Since Brexit completed in January 2020 and the global lockdown of March 2020, executives throughout the UK have faced an ever-changing trading and working environment. Some could not have envisaged the scale of the advantages, while others experienced quite the opposite. Having lived through such a turbulent trading and working environment for nearly three years, what should executives focus on in 2023? How should they prepare their organisations and engage with clients for the coming year?
Strategy teams and external advisers will have reviewed: past performance, trading conditions and economic forecasts, then created scenarios for executives to consider. Executives and leaders must face the challenge of maintaining the gains or completing the critical activities that have emerged in the past three years. These extremes create turbulence in the employment pool; some are aiming to benefit while others are searching for stability. Every sector is experiencing recruitment and retention difficulties. Employers must have a clear plan for the organisation beyond the next two or three years if they are to attract the right people.

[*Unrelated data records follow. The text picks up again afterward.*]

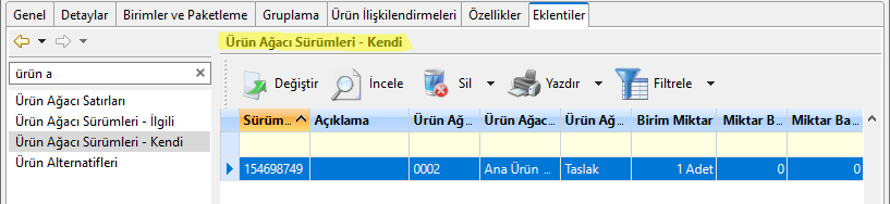 İlgili ürün kartının, bağlı olduğu Ürün Ağacı Sürümlerini görebilmek için Eklentiler sekmesinden Ürün Ağacı Sürümleri – İlgili menüsüne tıklanır. Böylece ürünün bağlı olduğu diğer Ürün Ağaçlarına, Sürüm Numarası gibi bilgilere ulaşılabilmektedir.
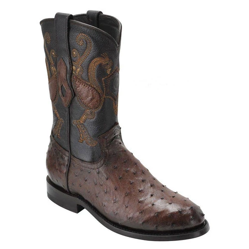 Genuine full ostrich leather roper boots. Â Hand-painted foot & hand-stitched details on leather upper.
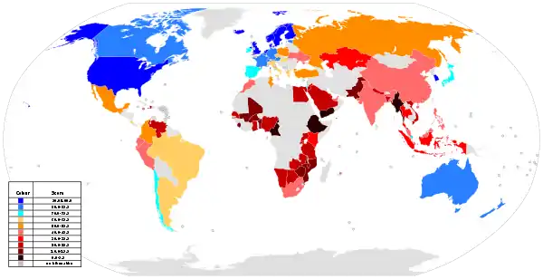 ![]() ثابت پهنای باند اینترنت اشتراک در ۲۰۱۲ منبع: بینالمللی اتحادیه ارتباطات راه دور.[13]براساس جمعیت کشورها |
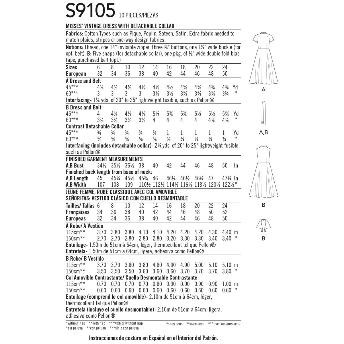 Simplicity Schnittmuster Damen Kleid mit abnehmbarem Kragen #9105.U5 Gr. 42-50
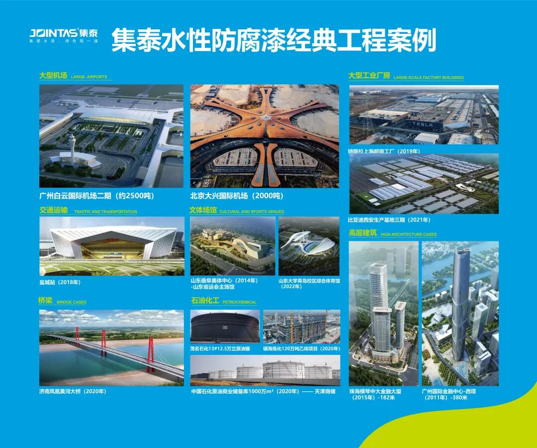 在应用端,产品已深入国计民生的关键领域——从北京大兴国际机场、广州国际金融中心等地标性建筑,到三峡夷陵长江大桥、京珠高速黄河二桥等重要基建工程,再到中石油、中石化等核心能源储罐,真正构筑起“刷遍长江黄河”的市场口碑。
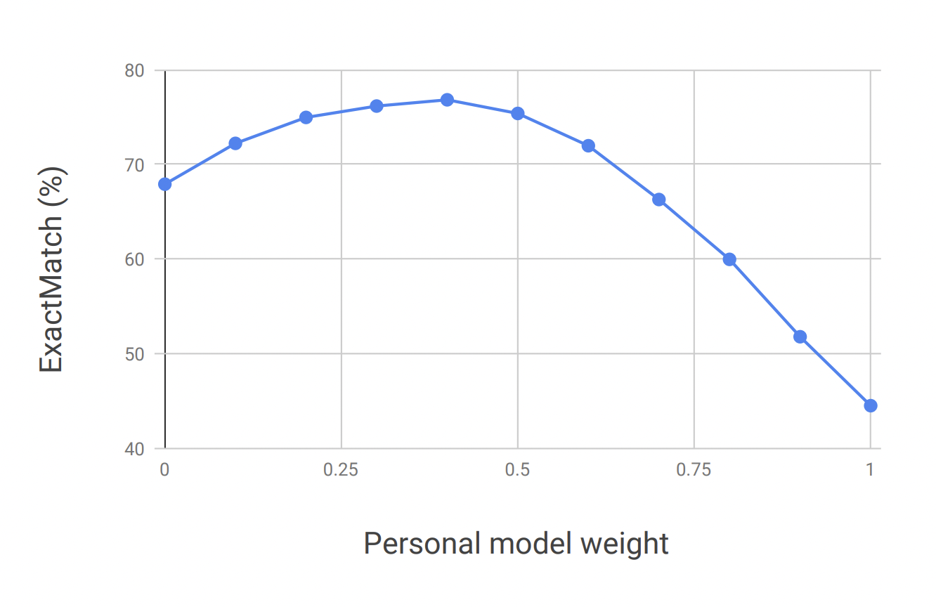 Adding personalization improved ExactMatch scores as well as suggestion acceptance rates from the users.
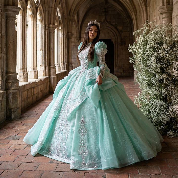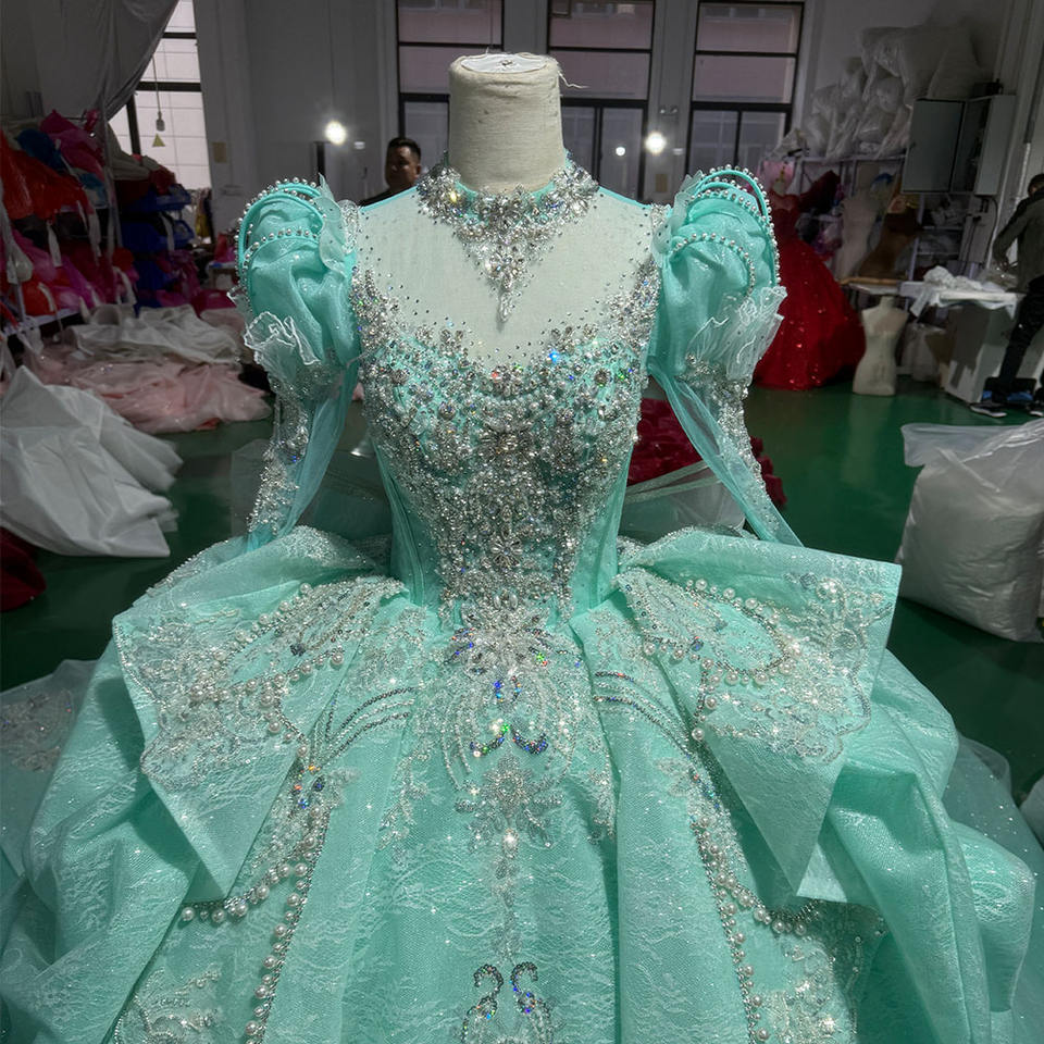 ชุดเดรสงาน Quinceanera สีเขียวเงา ดีไซน์ทันสมัย คอรูปหัวใจ โรแมนติก ประดับลูกไม้ คริสตัล ลูกปัด แบบสั่งตัดได้ รุ่น Xs114
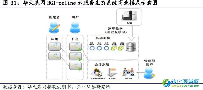 多方面诉求促进云平台对接:一方面,NGS使单个实验室能在合理的成本范围内就可以产生TB、PB级的数据量,但许多测序公司或实验室并不具备储存和处理这些大规模数据的服务器设备。另一方面,计算大规模数据集最重要的是分析算法的并行化,有效解决大数据运算的方法是将任务分配给若干计算机处理器同时计算,针对不同算法可以进行不同类型的并行化运算,通过不同的计算平台来获得最佳性能。从以上可以看出,NGS数据分析解读面临着数据量大、数据处理过程复杂、对计算资源要求高的潜在需求,而云计算提供了一种有效的解决方案,云架构下的平台搭建,存储、计算软件开发和工作流框架正在不断完善和发展。从国内来看,华大基因在这方面布局较早,处于行业领先地位。
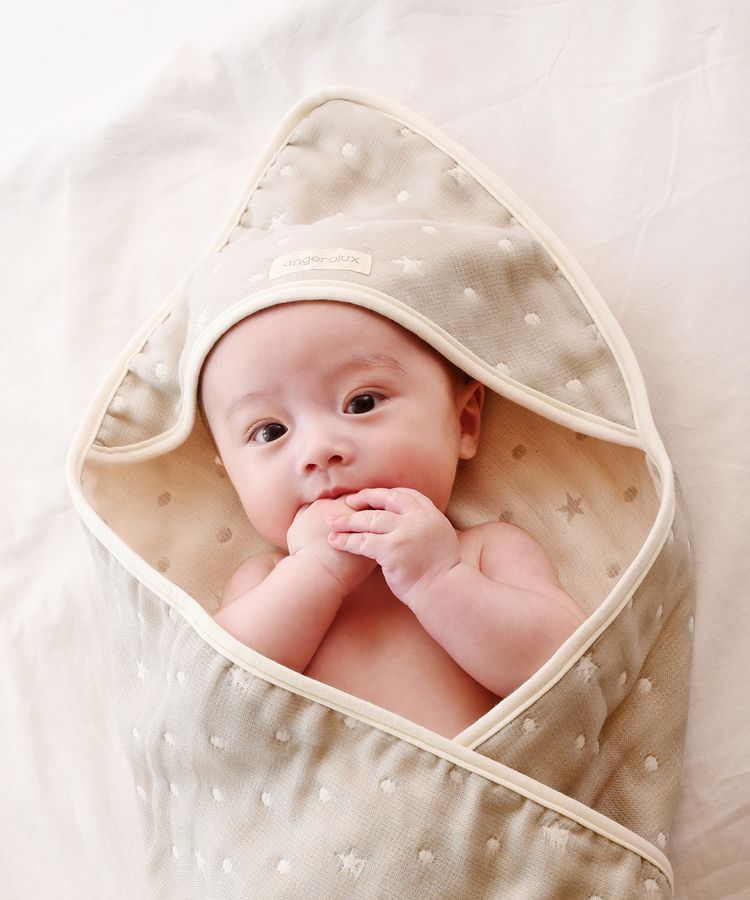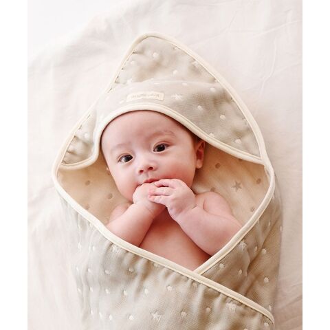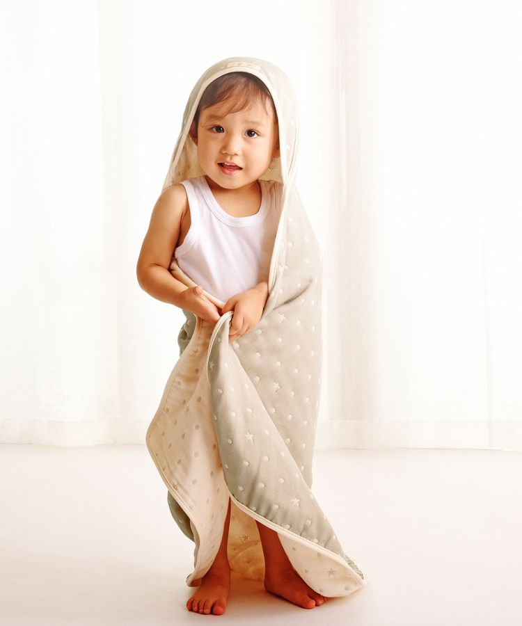 大判サイズ(約)80×80cmでお風呂あがりの赤ちゃんの体をすっぽりと包む
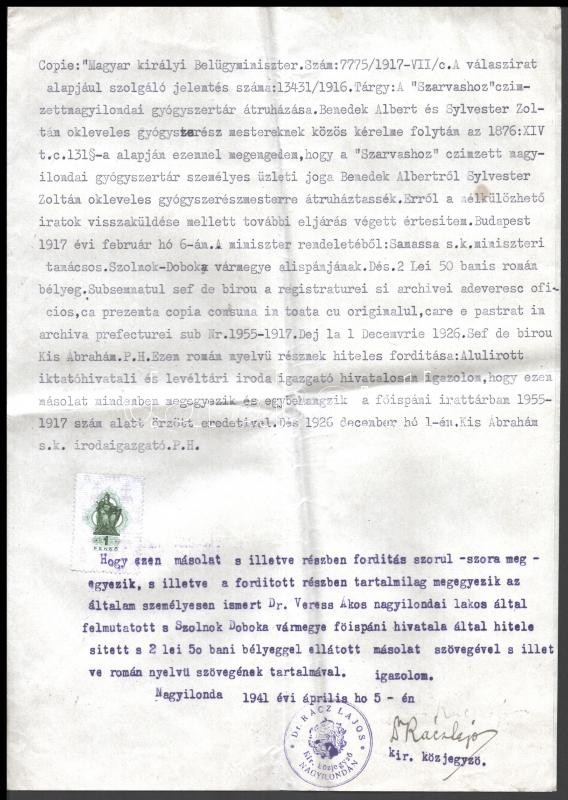 1926-1941 Illetékbélyeggel ellátott, közjegyző által hitelesített másolat arról, hogy a nagyilondai (Erdély) Szarvas Gyógyszertár üzleti jogát Sylvester Zoltán okleveles gyógyszerész szerezte meg 1926-ban, erdélyi gyógyszerészeti emlék, hajtva, jó állapotban
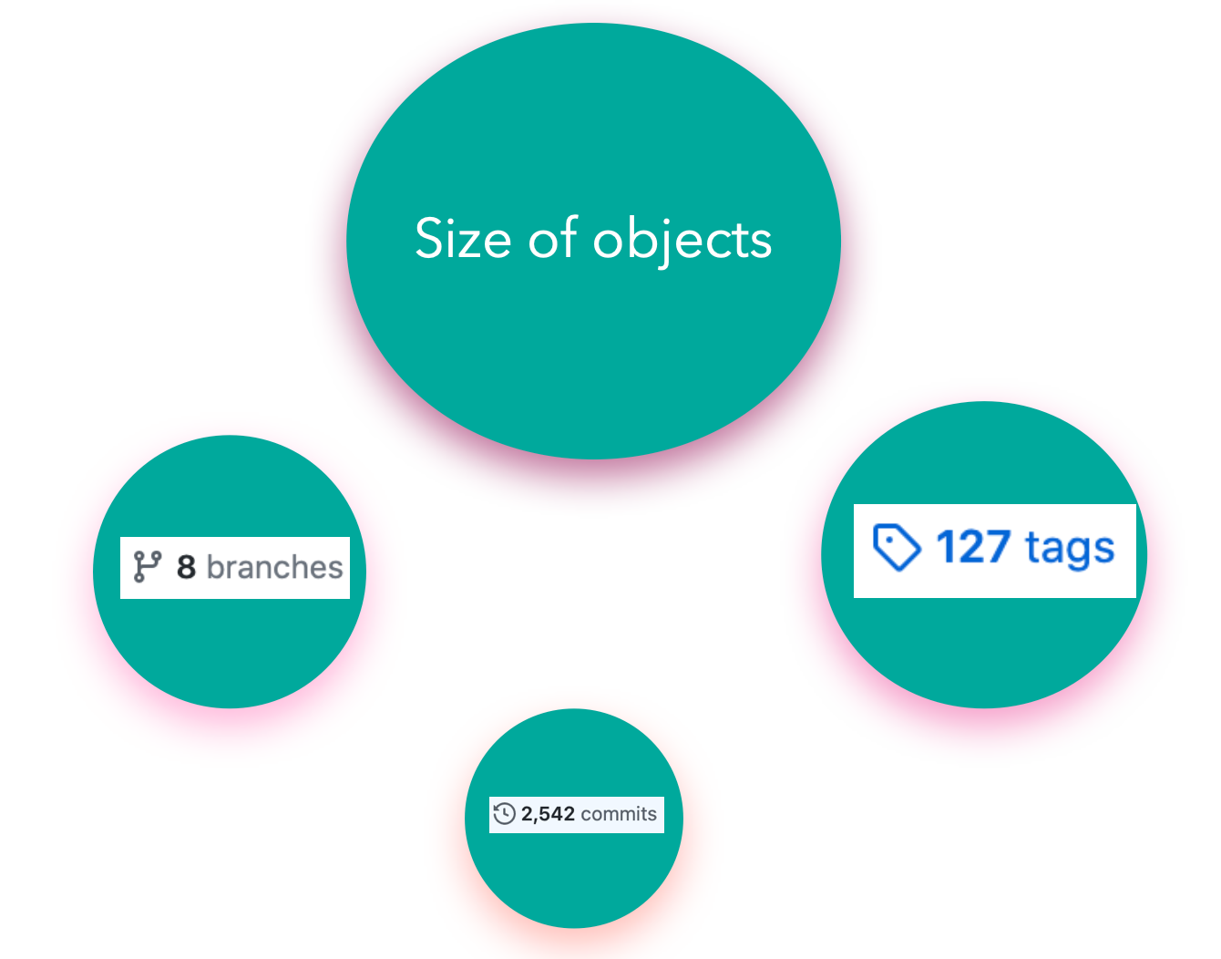 The area of the circle enclosing each parameter signifies the strength of the positive correlation between the performance of a git fetch operation and that parameter. From the diagram:
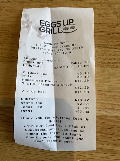 SInce moving from Miami to the Upstate, I have visited multiple Eggs Up locations, and have always had a good experience with good food. We moved from Greer to Inman recently and by far this is the worst location. Maybe it was an "off" day? But tables were dirty, bathroom was dirty, waited 30 minutes for cold food, AND cold coffee. Even my kids were asking to go to another location next time. I will be calling and asking for a refund. Just overall bad experience.
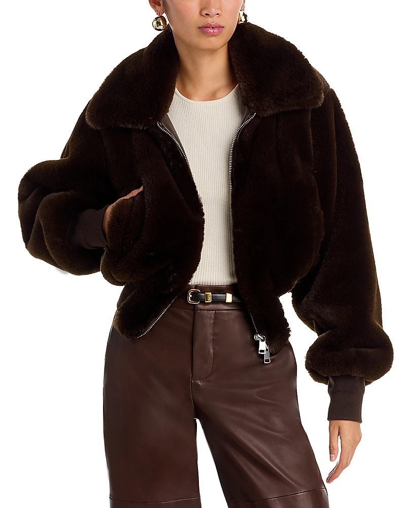 Ronny Kobo Clemence Faux Fur Jacket.Color:Brown.Size:XL.Material:Faux fur: 100% polyester; lining: 55% viscose/45% polyester.Jackets.
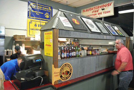 As you pull up to Oklahoma Joe’s, there are telltale signs that you might just be approaching greatness. License plates from virtually every corner of the fruited plain are indicative of pilgrimages made by barbecue enthusiasts who traverse the country in search of the best barbecue. Oklahoma Joe’s occupies a working multi-pump gas station and a convenience store you can’t pigeonhole with the 7-11 variety because its aisles are stocked with an astounding number of barbecue sauces and spice rubs, including many from other pantheons of barbecue greatness throughout America.
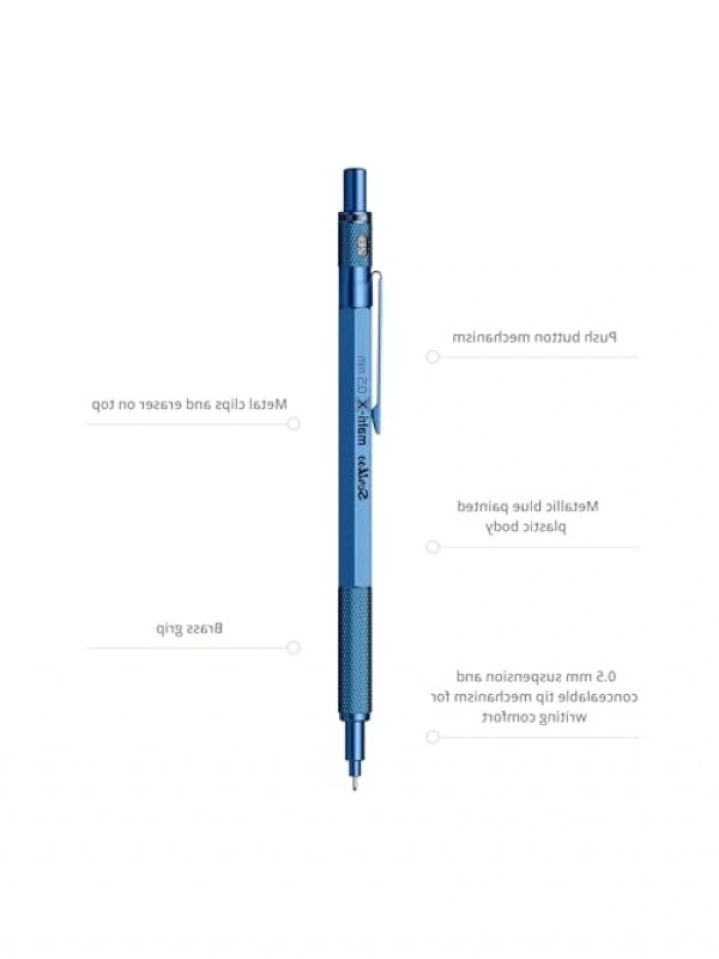 Bu metalik mavi versatil kalem, 0.5 mm uç kalınlığı ile net ve keskin yazılar yazmanızı sağlar. Ergonomik tutuşu sayesinde uzun süreli kullanımlarda bile konfor sunar. Tepeden basmalı mekanizması ile pratik bir kullanım imkanı sunarken, metal klipsi ile kolayca cebe takabilirsiniz. Yazım konforu için süspansiyonlu ve gizlenebilir uç mekanizması ile donatılmıştır, bu da kaleminizi her zaman hazır hale getirir.
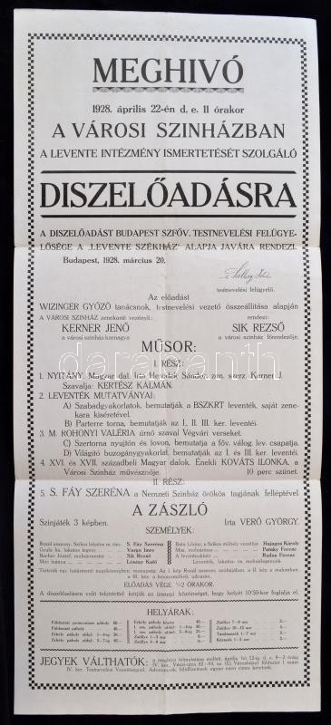 1928 Újpest. Meghívó és műsorplakát a Levente intézményt bemutató díszelőadásra. 55x25 cm
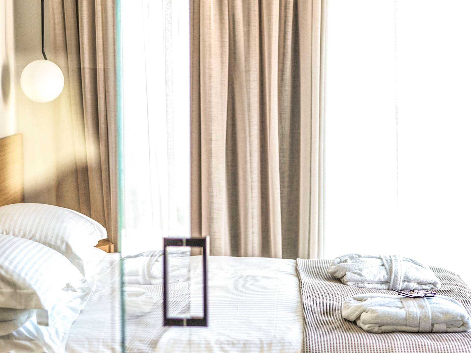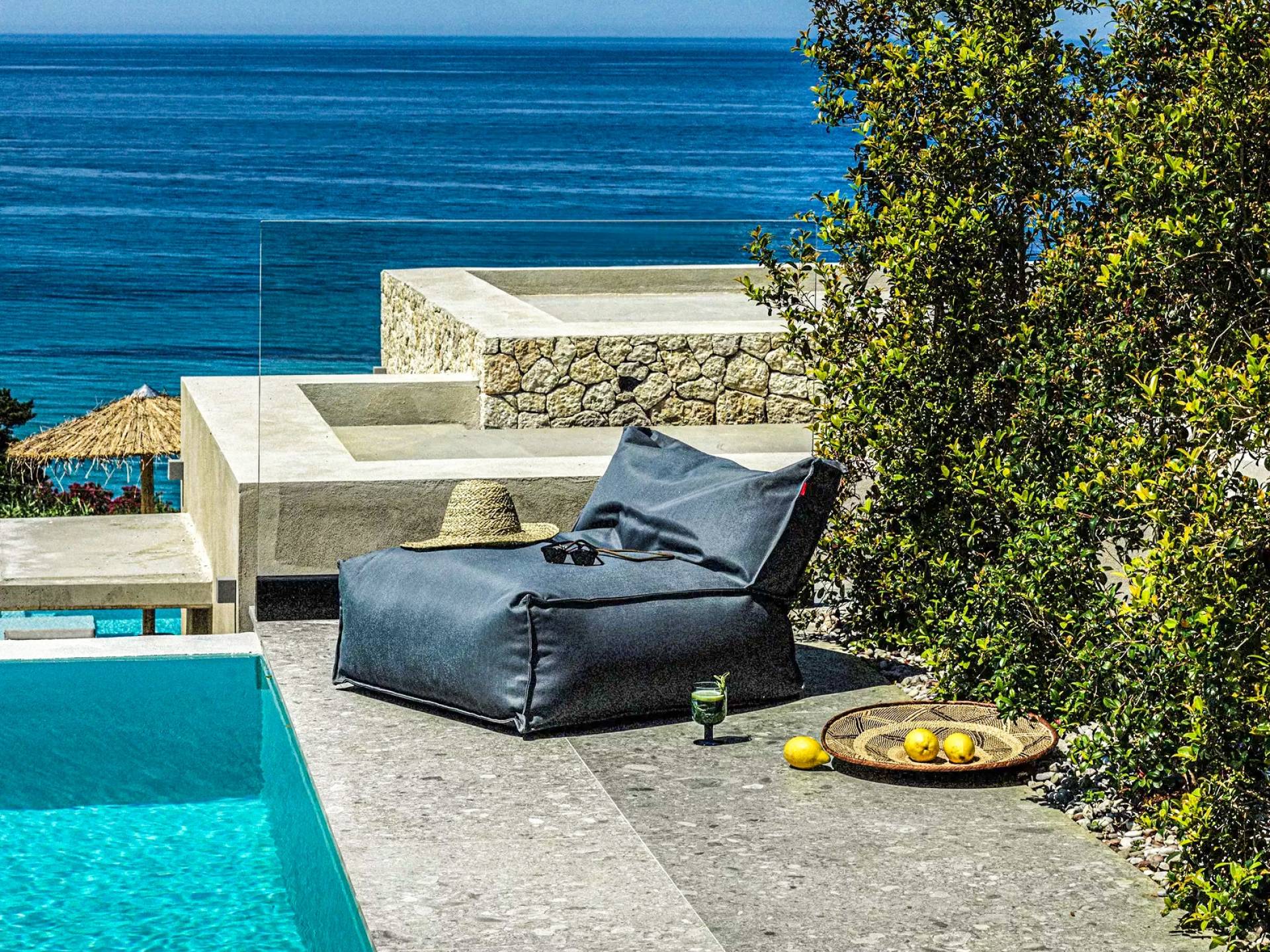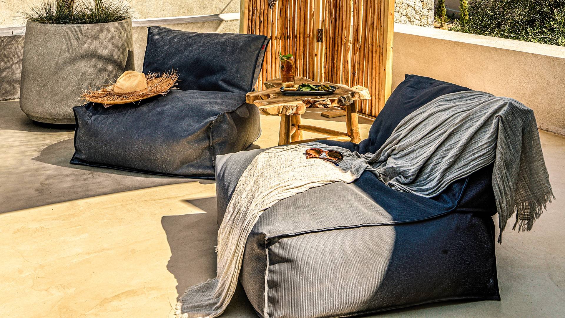 La villa de lujo de 75 m² tiene dos dormitorios, un salón con cocina y dos baños, uno de ellos en suite. Esta elegante villa puede alojar hasta 6 personas. Los elegantes interiores se conectan con el exterior con ventanas de piso a techo que dan la sensación de un área única que conduce a la piscina infinita privada. Su sueño confortable está garantizado con las camas de Coco-Mat. Dos camas king-size o twin para hasta cuatro personas y dos sofás cama. La terraza privada ofrece mucho espacio para relajarse y disfrutar de los días de verano. El diseño y la arquitectura crean un ambiente de lujo donde los materiales naturales dominan en una estructura plana amable y familiar con el huésped.

This scale of disruption is unprecedented in our 50 years of experience as advisors. When chaos ensues, leadership and management competence come to the fore. Military history has shown time and again that training and processes will get you through the difficult scenarios. However, public and private sector organisations achieve economic stability by satisfying customer demand and with market forces being so disrupted, decisions must be owned by the business leaders. Executives require a deep understanding of the business and market; they should be supported, not led, by external experts.
The leadership needs to exude confidence in the decisions it has made. They need the competence to articulate the plan they want to achieve and to be open about the challenges ahead. Some companies have a very exciting future, but others must tread a very difficult road. Regardless of your business’s outlook, it must share the leadership’s common goal and vision.
In this volatile market, whether you are reaching new heights, or struggling with survival you must constantly consider:
- What are the top three goals that everyone in the business understands?
- Do we need all the resources and are they used effectively?
- Are the working arrangements today appropriate for the business success tomorrow?
- Are change activities achievable and do they support the previous three points?
Whatever you do in 2023, it should be another building block on the superb success you have achieved or a new cornerstone for the future. There is no value in tinkering while the boat is going down and it is risky to ignore an aggressive attack on a product or service. Both ends of the spectrum are difficult to manoeuvre from, but if you are in the middle, which way do you want to go?